Joshua Bloom and Waldo E. Martin’s Black Against Empire aims to blaze a path away from the two genres that have for decades characterized most writing about the Black Panthers. Starting with chairman Bobby Seale’s agitational Seize the Time (1970), published when the Party was at its peak, participants of varying notoriety wrote with varying candor about their personal experiences. Another genre was inaugurated in the 1970s, when the Bay Area journalists Paul Avery and Kate Coleman accused Huey Newton of creating “a street gang at the center of the Black Panther Party.” Their work, echoed by New Left apostate David Horowitz, inspired Hugh Pearson’s critical biography of Newton, The Shadow of the Panther (1994). Pearson’s account was hailed as definitive not just by the right but by mainstream newspapers and liberal intellectuals, all rushing to make plain their convalescence from the febrile enthusiasms of misguided youth (though one otherwise laudatory review conceded that Pearson’s book “lacks the empirical rigor a subject this controversial demands”).
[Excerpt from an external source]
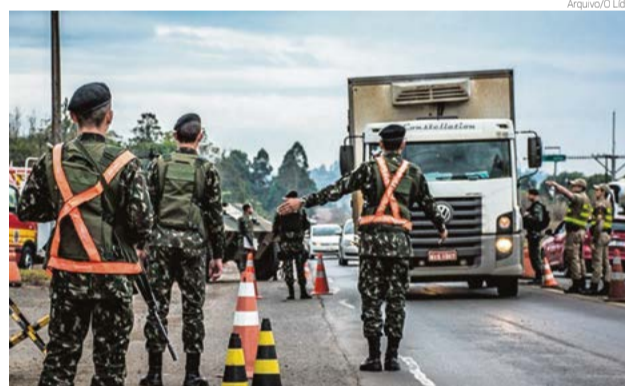
Exército faz pontos de fiscalização nas BRs-282 e 163

Durante as buscas, os militares realizaram a segurança do perímetro enquanto os policiais civis realizavam as buscas domiciliares. Em uma das resi-

The memoirs and the exposés shared certain things: they were written by boomers outside the academy, they were polemical, and they focused disproportionately on individual leaders and the Panthers’ original Oakland chapter. Black Against Empire positions itself as the summa of the recent studies that have moved beyond these limitations. A new generation of researchers with fewer personal connections, and more serious scholarly interest, has fleshed out the histories of various regional organizations and the manifold of social services they provided. Bloom and Martin challenge other scholars on a few points, but mostly they aim for synoptic narrative rather than narrow historiography.

Behind their accumulation of detail, a central question emerges. How did a handful of Oakland radicals, drawing up their plans in a War on Poverty office in 1966, find themselves four years later with offices in sixty-eight cities, a budget in the millions, dozens of popular social programs, and a newspaper circulation of 150,000? And how did it all fall apart so quickly? (The Party formally disbanded in 1982, but Black Against Empire effectively ends in 1971, when an internal schism damaged the organization irreparably.)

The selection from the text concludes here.